Unter diesen Umständen ist mit dem Landgericht davon auszugehen, dass der Beweis des Ursachenzusammenhangs nicht zu führen ist. Beweiserleichterungen sind nicht anzunehmen. Für grobe Behandlungsfehler ist nichts ersichtlich; zwar hält der Sachverständige D. die Nichtbeachtung der Stoffwechselstörung der Antragstellerin zu 1 für fehlerhaft, weist aber gleichzeitig auf die große Seltenheit des Gendefekts hin, nach dem routinemäßig auch nicht gesucht werde. Auf unterlassene Risikoaufklärung lässt sich der Anspruch gleichfalls nicht stützen, weil auch für eine Haftung in diesem Bereich der Schaden Folge der eigenmächtigen Behandlung sein muss und davon - auch im Rahmen des anwendbaren § 287 ZPO - nicht auszugehen ist.

B. Haftung des Antragsgegners zu 2: Der Antragsgegner zu 2 haftet von vorneherein nicht für den Unterhaltsaufwand, den die Antragsteller erbringen müssen. Voraussetzung dafür wäre nicht nur ein Vertrag auf praenatale Untersuchung der Antragstellerin zu 1 in der Schwangerschaftsberatung zwecks Vermeidung der Geburt eines schwergeschädigten Kindes (was hier schon zweifelhaft ist), sondern vor allem, dass ein etwaiger Behandlungsfehler zu einer vertraglichen Haftung auf Ersatz des Unterhaltsaufwandes führen könnte (andere Schäden, wie sie die Antragsteller möglicherweise geltend machen wollen, vgl. den beabsichtigten Antrag zu II, sind nicht ersatzfähig; BGH NJW 1997, 1638).

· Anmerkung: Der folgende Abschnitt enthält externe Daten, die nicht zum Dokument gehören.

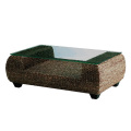 編み込み:人工ウォーターヒアシンス フレーム:アルミニウム 脚:チーク(ブラックチークオイル仕上げ) 天板:強化ガラス天板 |

Nur die fehlerhafte Unterlassung eines rechtmäßigen Schwangerschaftsabbruchs kann aber die Haftung des Arztes begründen (ständige Rechtsprechung, BGH VersR 2002, 1148, 1149; VersR 2002, 233, 234 jeweils m. w. N.). Zum Zeitpunkt der Untersuchung durch den Antragsgegner zu 2 im Sommer 1997 rechtfertigte die von den Antragstellern allein angesprochene sog. soziale Indikation den Abbruch von Schwangerschaften längst nicht mehr. Die sog. embryopathische Indikation des früheren § 218 a StGB ist seit dessen Änderung 1995 entfallen. Die Voraussetzungen des § 218 a Abs. 2 StGB in der im Jahre 1997 geltenden Fassung für einen nicht rechtswidrigen Schwangerschaftsabbruch sind nicht einmal ansatzweise vorgetragen, die Antragstellerin zu 1 sagt nur, sie sei (während der Schwangerschaft) aufgrund der drohenden wirtschaftlichen und sozialen Notlage erheblichen psychischen Belastungen ausgesetzt gewesen. Das ist etwas ganz anderes als die Indikation, die Schwangerschaft zur Abwendung einer Gefahr einer schwerwiegenden Beeinträchtigung des körperlichen oder seelischen Gesundheitszustandes der Schwangeren abzuwenden.

Unter diesen Umständen kommt auch ein Anspruch der Antragstellerin zu 1 auf Schmerzensgeld wegen der Entbindung ihrer Tochter durch Kaiserschnitt nicht in Betracht.